Comment 12 Cesar Strauss 2022-05-03 11:06:40 BST

I'm worrying a bit about power-on initialization of the register file, when using this wrapper.

As I understand it, on an ASIC, SRAM blocks have random data at power on, and even the reset signal will not affect its contents.

If the register file is allowed to be undefined at power on, in the Instruction Set Architecture, then I guess it's OK to read random data before the first write.

However, if multi-port is implemented by copying, then, at power on, reads from the same location will return different data, on different ports!

I mean, I guess it's OK to read random data at power on, but inconsistent data???

Furthermore, with the LVT implementation, a write on any port will suffice to put a register location in a consistent state.

However, with the XOR implementation, which does read/modify/write, I believe you need to write once on *every* write port, to accomplish that.

So, do you think we should add a state machine to initialize the register file at power on?

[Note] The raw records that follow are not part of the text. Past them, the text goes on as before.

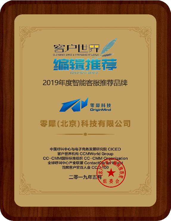 “零犀科技”荣获《客户世界》编辑推荐:2019年度“智能客服”推荐品牌。
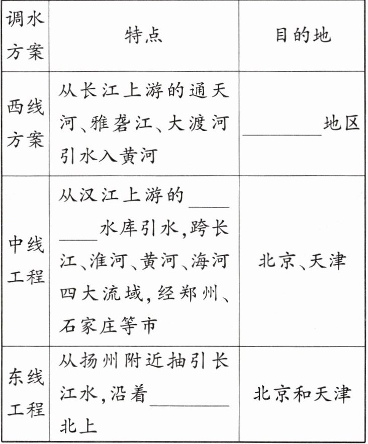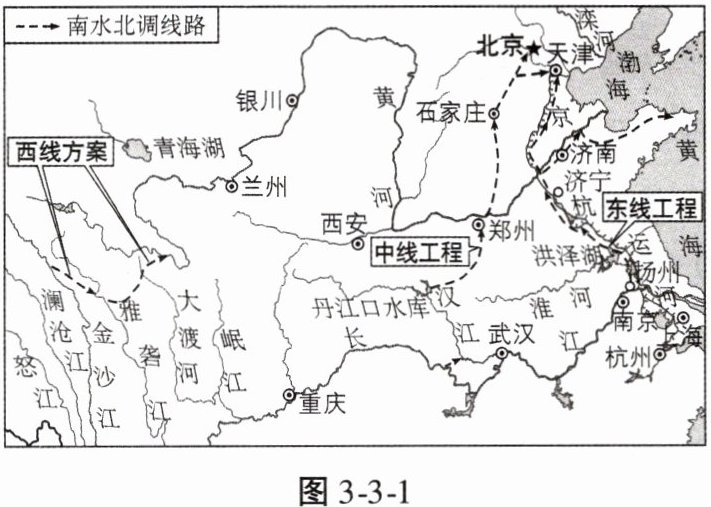 、西北地区。(2) 读南水北调线路示意图(图 3 - 3 - 1),结合教科书相关内容,填写表 3 - 3 - 2。
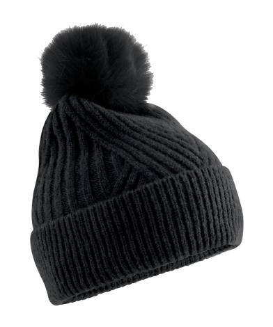 Specification - Sumptuous heavy ribbed knit. Soft-touch fabric. Retro styling. Luxury faux fur pom pom. Cuffed design for optimal decoration. TearAway label for easy rebranding..
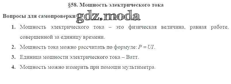 ГДЗ решение к заданию № § 58. Мощность электрического тока Физика 8 класс Пурышева Н.С. Дрофа 2017 ФГОС бесплатно на гдз.мода!
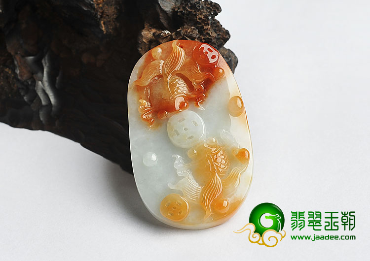 首页 >> 糯冰种红黄翡缅甸翡翠A货金玉满堂挂件
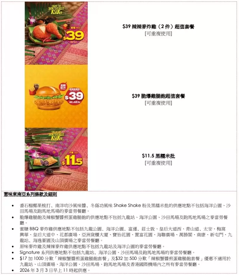 今個3月,香港麥當勞為大家締造星馬泰味覺之旅﹗由3月3日上午 11 時起,香港麥當勞隆重推出全新惹味東南亞系列,多款全新美食包括辣椒蟹醬煎蛋雞腿飽、南洋叻沙風味麥樂雞醬、冬蔭功風味 Shake Shake 粉、番石榴椰果梳打,以及再次限時登場的黑糯米批,為大家帶來一趟充滿新鮮感的味蕾旅行。
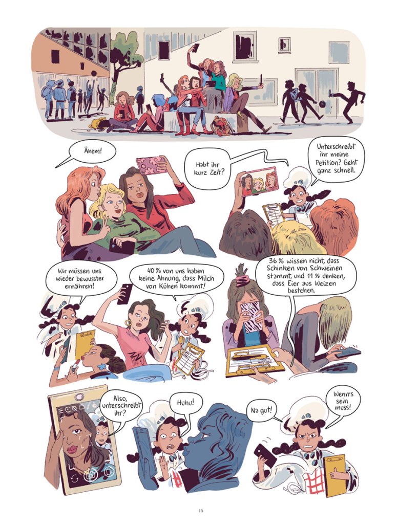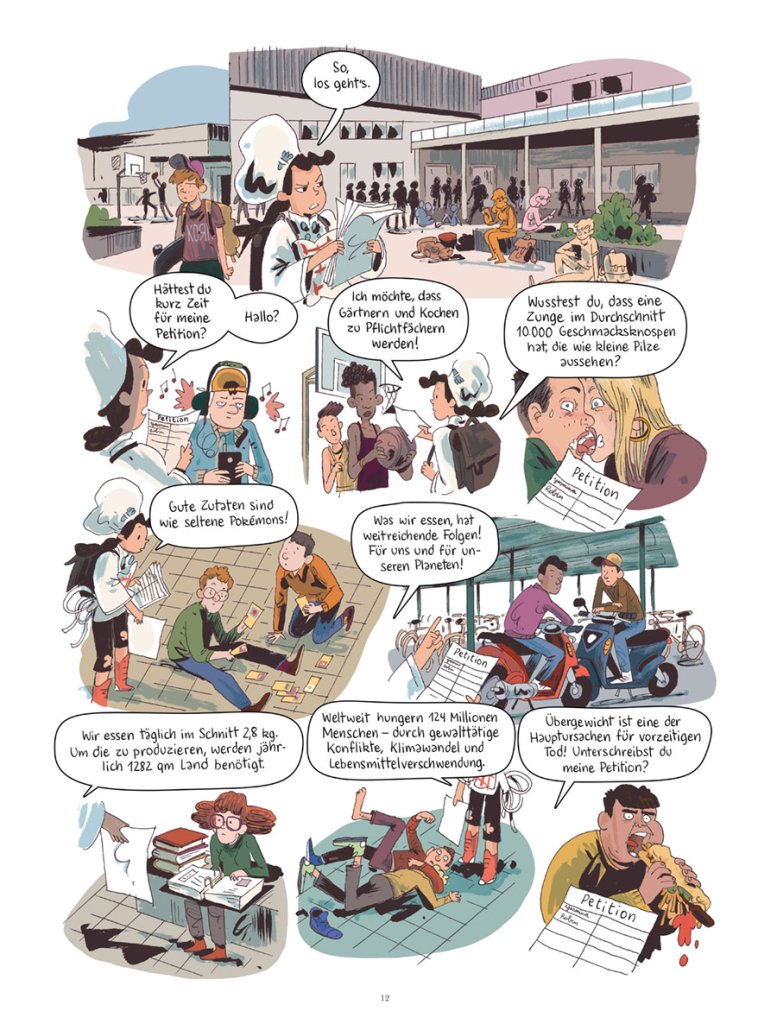 Yasmina will Kochen und Gärtnern an ihrer Schule als Pflichtfächer einführen und muss dafür fünfzig Unterschriften sammeln – eine scheinbar unmögliche Aufgabe, denn ihre Mitschüler:innen interessieren sich nur für ihre Handys und nicht die Bohne für Umwelt und Lebensmittel… Und dann muss auch noch die Pommesbude, in der ihr Vater arbeitet, schließen. Mit Hilfe von Cyril, Marco und Amaryllis ruft er kurzerhand seinen eigenen mobilen Foodtruck ins Leben. Die Rezepte auf der Speisekarte kommen natürlich von – Yasmina! Nur leider sind ihre vegetarischen Innovationen nicht von Erfolg gekrönt. Die Welt scheint definitiv noch nicht bereit für eine Ernährungsumstellung…
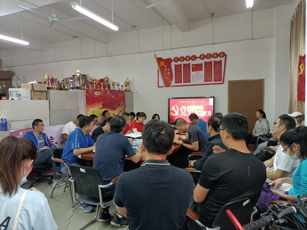 2021年4月20日下午,为贯彻落实党中央在全党开展党史学习教育的精神。体育教学部直属教工党支部召开党员大会,张向群同志在会上强调,支部全体党员应带头认真学习党史,提高政治站位、突出学习重点、强化使命意识、增强学习自觉。结合党史学习,做到办实事、解难题、协调解决师生现实存在的问题。
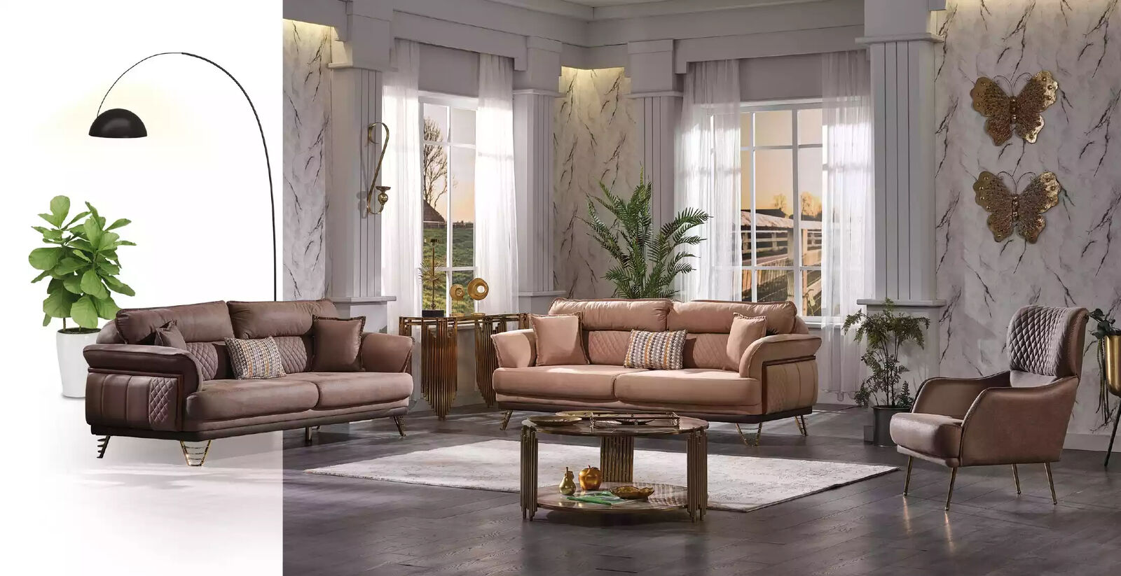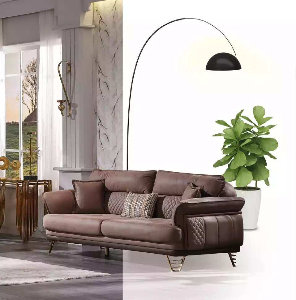 Brown Sofa Set Luxury 3+3+1 Seater Living room Furniture Sofas Armchair
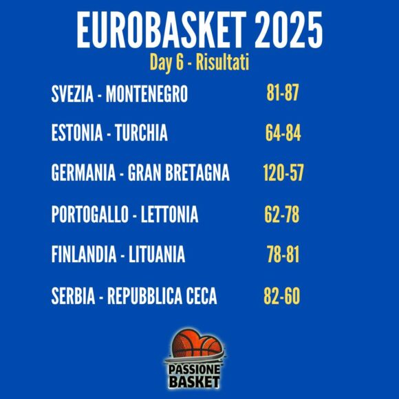 𝐄𝐔𝐑𝐎𝐁𝐀𝐒𝐊𝐄𝐓 𝟐𝟎𝟐𝟓 – 𝐃𝐀𝐘 𝟔: 𝐈 𝐑𝐈𝐒𝐔𝐋𝐓𝐀𝐓𝐈 Passiamo brevemente in rassegna i risultati del sesto giorno di Eurobasket 2025, 6 le partite disputate. Si parte con la prima vittoria di 𝐌𝐨𝐧𝐭𝐞𝐧𝐞𝐠𝐫𝐨 che ha battuto la 𝐒𝐯𝐞𝐳𝐢𝐚 per 87-81: il leader
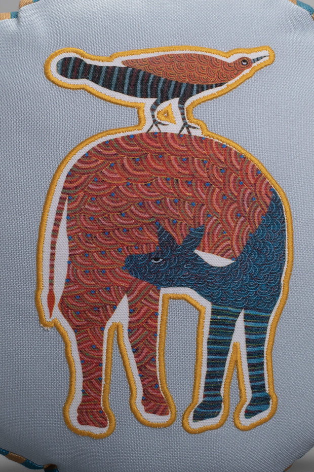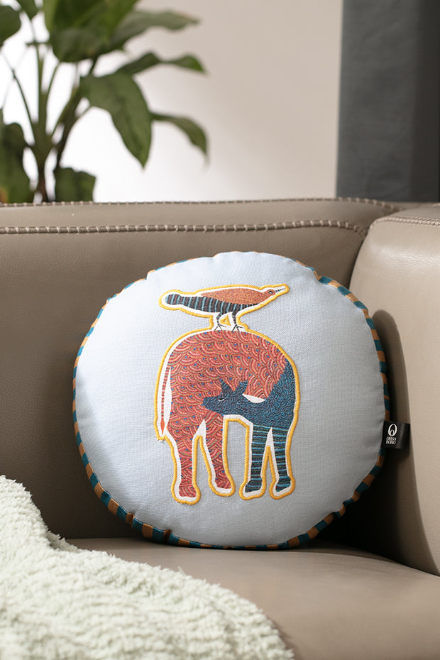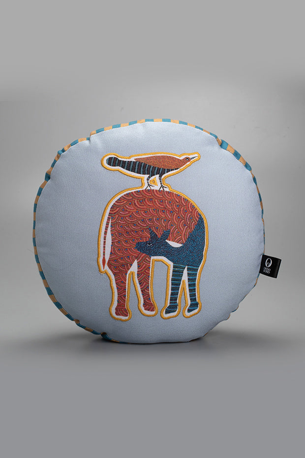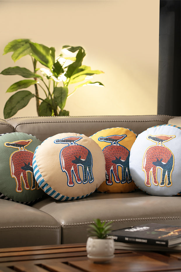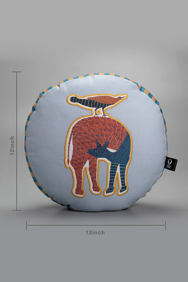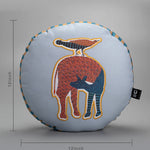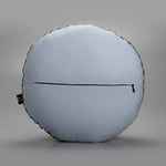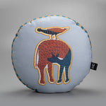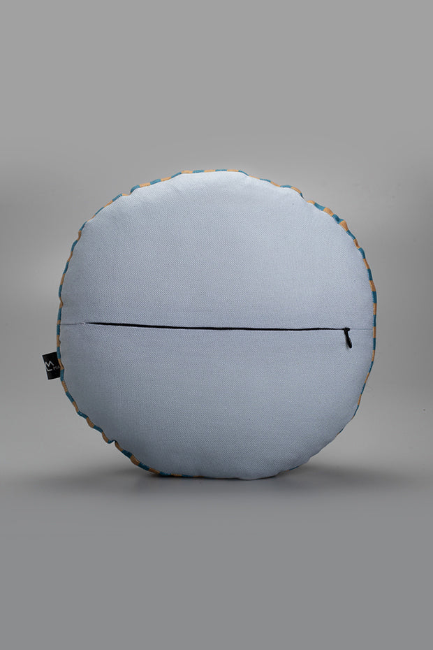 Round cushion with Nankushiya designs in blue, soft and artistic.
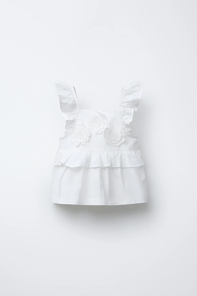 RUFFLED FLORAL EMBROIDERED ROMPER

Comment 13 Luke Kenneth Casson Leighton 2022-05-03 11:56:10 BST

hmmm intriguing.

no, as best i understand it, all regfiles are supposed to initialise to zeros.
MSR and PC are different.

i mean... we *could* leave the regfiles in an unknown state, because
coldboot is supposed to not assume contents are zero.

doesn't feel safe though.

yes, having a general-purpose wrapper that can perform initialisation would
be good, and reporting back a Signal that says "initialisation completed".

can you raise that as a separate bugreport?